Locate, in the data below, the line that contains "Ramka wykonana jest" and the line that contains "党总支副书记张昊宣布典礼开始,全体与会人员起立,奏唱国歌。"; reproduce exactly those two lines and every line between them, nothing more.

[SUPPLIED RECORDS]
--------------------------------
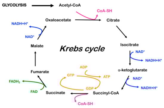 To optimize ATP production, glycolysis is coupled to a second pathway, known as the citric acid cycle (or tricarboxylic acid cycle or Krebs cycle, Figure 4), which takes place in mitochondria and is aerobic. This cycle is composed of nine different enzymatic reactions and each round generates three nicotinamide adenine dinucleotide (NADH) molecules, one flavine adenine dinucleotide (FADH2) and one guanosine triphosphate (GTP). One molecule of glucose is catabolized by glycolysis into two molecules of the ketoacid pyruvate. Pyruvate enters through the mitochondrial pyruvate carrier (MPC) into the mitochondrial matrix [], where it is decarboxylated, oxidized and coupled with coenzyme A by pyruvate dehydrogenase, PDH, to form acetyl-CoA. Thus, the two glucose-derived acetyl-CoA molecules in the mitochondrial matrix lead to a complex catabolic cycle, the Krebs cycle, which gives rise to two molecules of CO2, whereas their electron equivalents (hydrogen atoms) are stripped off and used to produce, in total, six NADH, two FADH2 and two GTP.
--------------------------------
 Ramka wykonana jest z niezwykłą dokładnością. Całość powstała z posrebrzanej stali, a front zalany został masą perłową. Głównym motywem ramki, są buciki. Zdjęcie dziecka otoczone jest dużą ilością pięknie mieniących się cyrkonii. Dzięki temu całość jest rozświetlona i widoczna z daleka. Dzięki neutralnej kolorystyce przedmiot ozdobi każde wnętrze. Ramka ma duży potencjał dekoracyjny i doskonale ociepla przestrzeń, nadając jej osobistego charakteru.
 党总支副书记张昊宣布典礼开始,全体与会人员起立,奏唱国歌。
--------------------------------
[ANSWER FOR THE TASK]
 Ramka wykonana jest z niezwykłą dokładnością. Całość powstała z posrebrzanej stali, a front zalany został masą perłową. Głównym motywem ramki, są buciki. Zdjęcie dziecka otoczone jest dużą ilością pięknie mieniących się cyrkonii. Dzięki temu całość jest rozświetlona i widoczna z daleka. Dzięki neutralnej kolorystyce przedmiot ozdobi każde wnętrze. Ramka ma duży potencjał dekoracyjny i doskonale ociepla przestrzeń, nadając jej osobistego charakteru.
 党总支副书记张昊宣布典礼开始,全体与会人员起立,奏唱国歌。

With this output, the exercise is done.